Activity: Any picture in the data below gets skipped; print all the rest exactly.

Dataset extract:
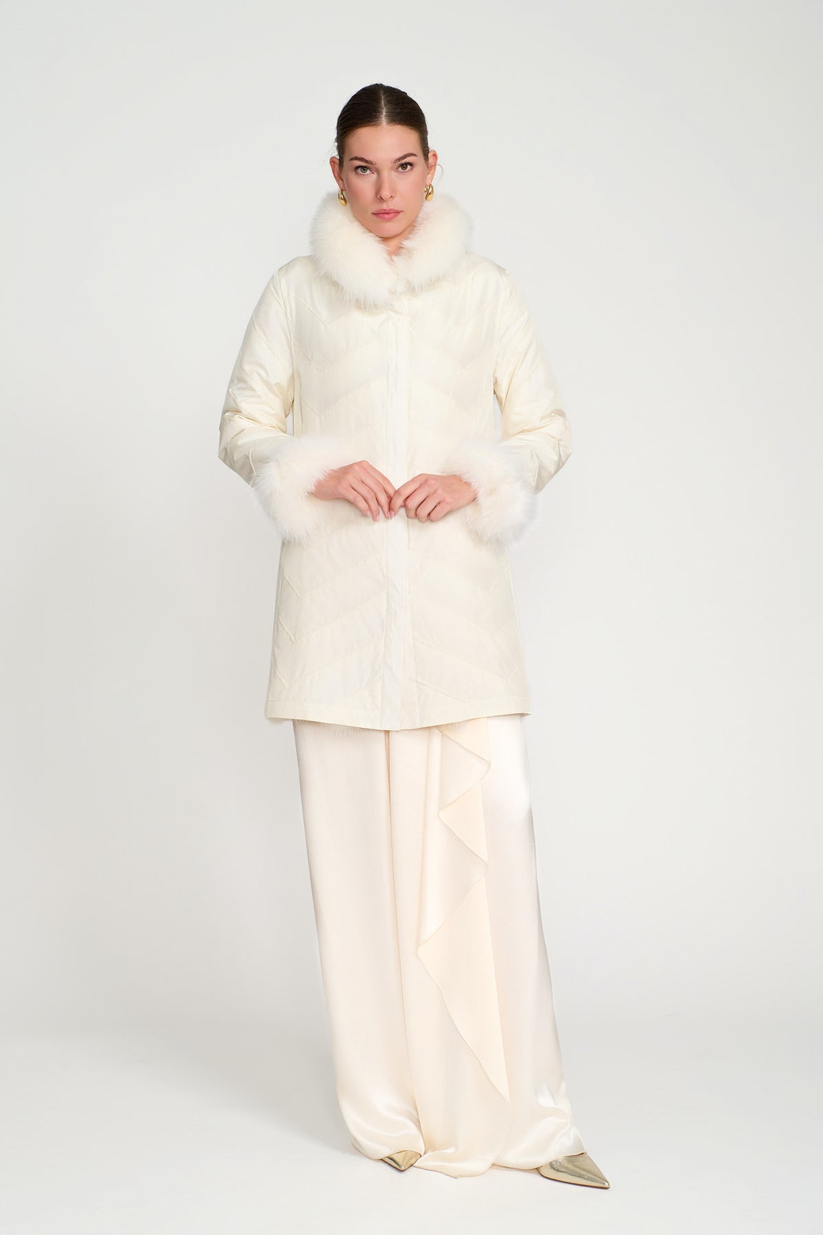 Reversible Silk to Fox ¾ Jacket in Arctic White
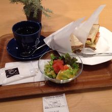 ランチセットのサンドイッチのサラダ付きにしましたが注文してから作ってるっぽいのでサンドイッチは温かいかと思いきや冷たかったです。
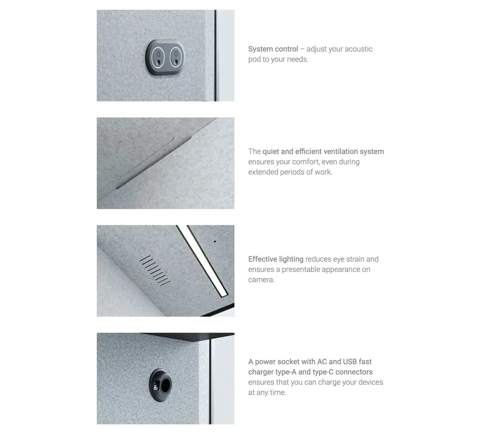 Les lignes lumineuses créent une capsule acoustique ouverte et accueillante, accentuée par la courbe caractéristique des parois latérales intérieures. Le produit a un design minimaliste mais contient toutes les fonctions essentielles. Chaque détail a été soigneusement étudié pour garantir à la fois une facilité d'utilisation et une esthétique élégante.

Response area:
 Reversible Silk to Fox ¾ Jacket in Arctic White
 ランチセットのサンドイッチのサラダ付きにしましたが注文してから作ってるっぽいのでサンドイッチは温かいかと思いきや冷たかったです。
 Les lignes lumineuses créent une capsule acoustique ouverte et accueillante, accentuée par la courbe caractéristique des parois latérales intérieures. Le produit a un design minimaliste mais contient toutes les fonctions essentielles. Chaque détail a été soigneusement étudié pour garantir à la fois une facilité d'utilisation et une esthétique élégante.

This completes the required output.